DATA SHOWN:
>>>

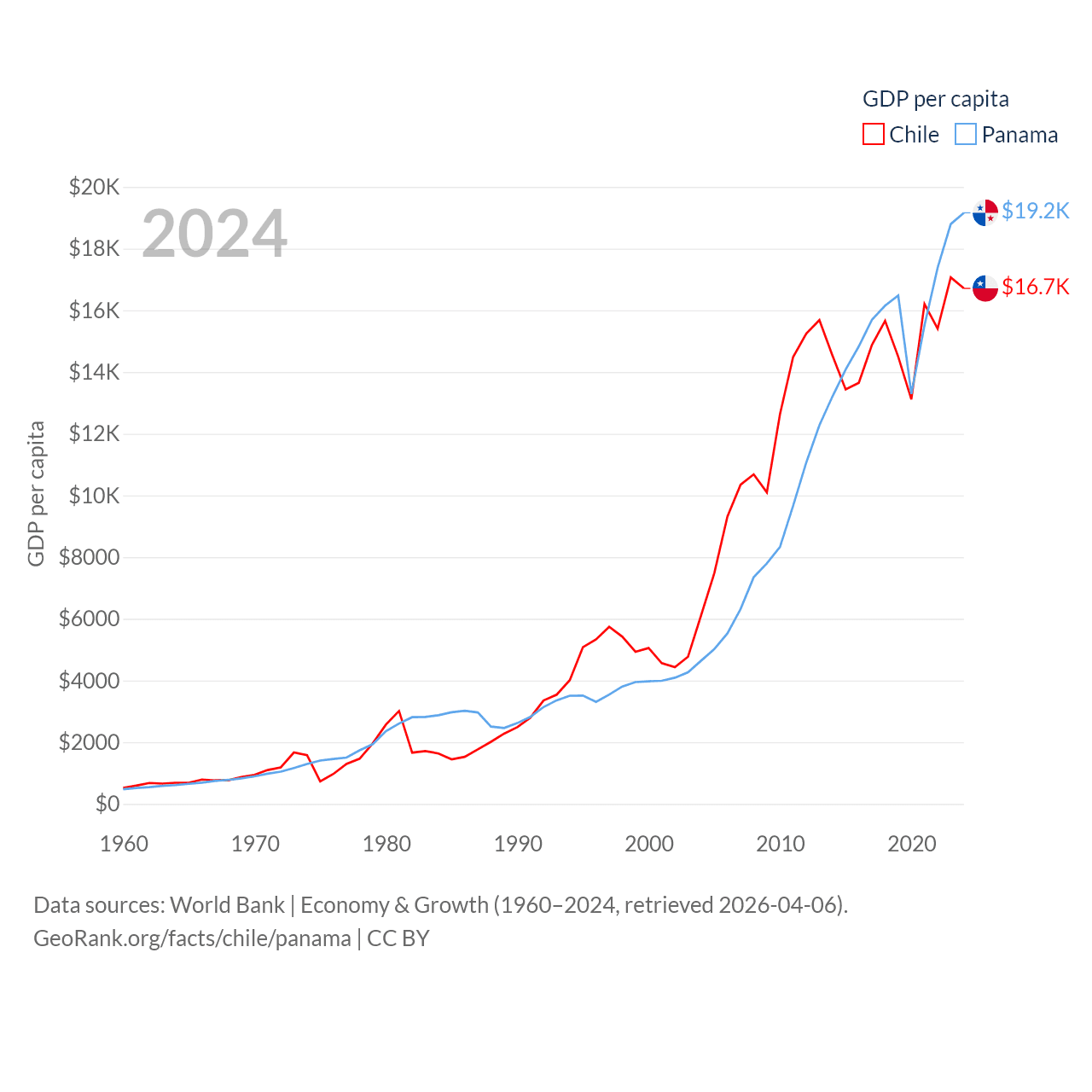 By GDP, Chile ranks 45/197 ($330B) and Panama ranks 78/197 ($86.5B). By GDP per capita, Chile ranks 65/197 ($16,710), while Panama ranks 60/197 ($19,161).
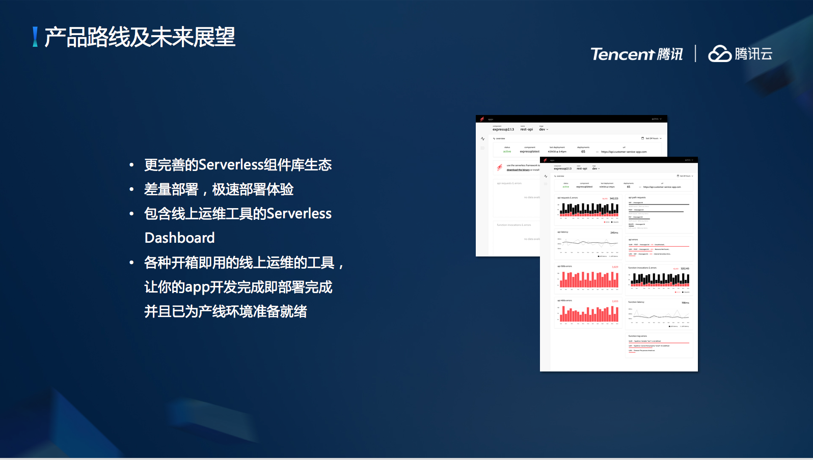 第三位分享嘉宾,来自 serverless.com 中国区研发的负责人 Ke Huang 老师,Ke Huang 老师分享了 Serverless Framework 的演进,从 plugin 到 component 再到 platform,提到未来 serverless 产品路线将提供更完善的 Serverless 组件库生态,提供差量部署,极速部署体验,包含线上运维工具的 Serverless Dashboard,以及上线各种开箱即用的线上运维的工具,让开发者开发完成即部署完成并且已为产线环境准备就绪。
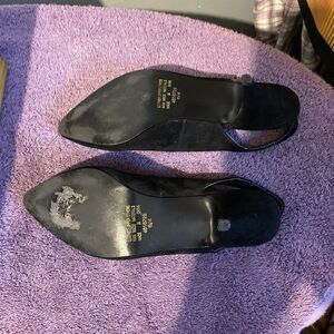 Diane Von Furstenberg Suede Kitten Sling Back 6 1/2 Black On Black
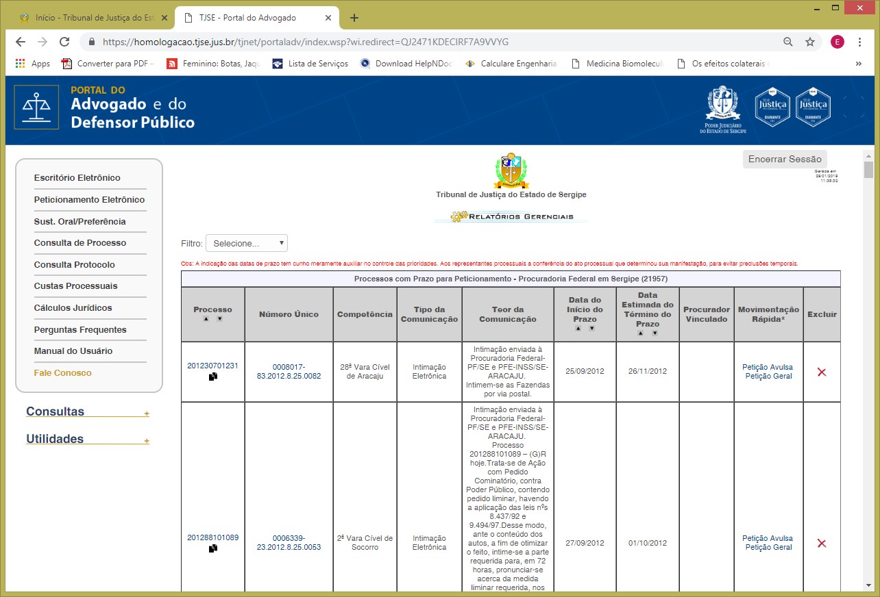 Finalidade: Identificar os processos com intimações e/ou citações eletrônicas expedidas pelo TJSE, com o registro da data estimada para o término de prazo. Com o clique no links 'Petição Geral' e 'Petição Avulsa', o citando/intimando protocola sua petição geral ou avulsa as quais são identificadas pela Secretaria da Unidade Jurisidicional onde tramita o feito.

<<<

WHAT IS NEEDED:
Give back exactly the lines from the line with "Diane Von Furstenberg" through the end of the material above, and omit every picture.

YOUR RESPONSE:
 Diane Von Furstenberg Suede Kitten Sling Back 6 1/2 Black On Black
 Finalidade: Identificar os processos com intimações e/ou citações eletrônicas expedidas pelo TJSE, com o registro da data estimada para o término de prazo. Com o clique no links 'Petição Geral' e 'Petição Avulsa', o citando/intimando protocola sua petição geral ou avulsa as quais são identificadas pela Secretaria da Unidade Jurisidicional onde tramita o feito.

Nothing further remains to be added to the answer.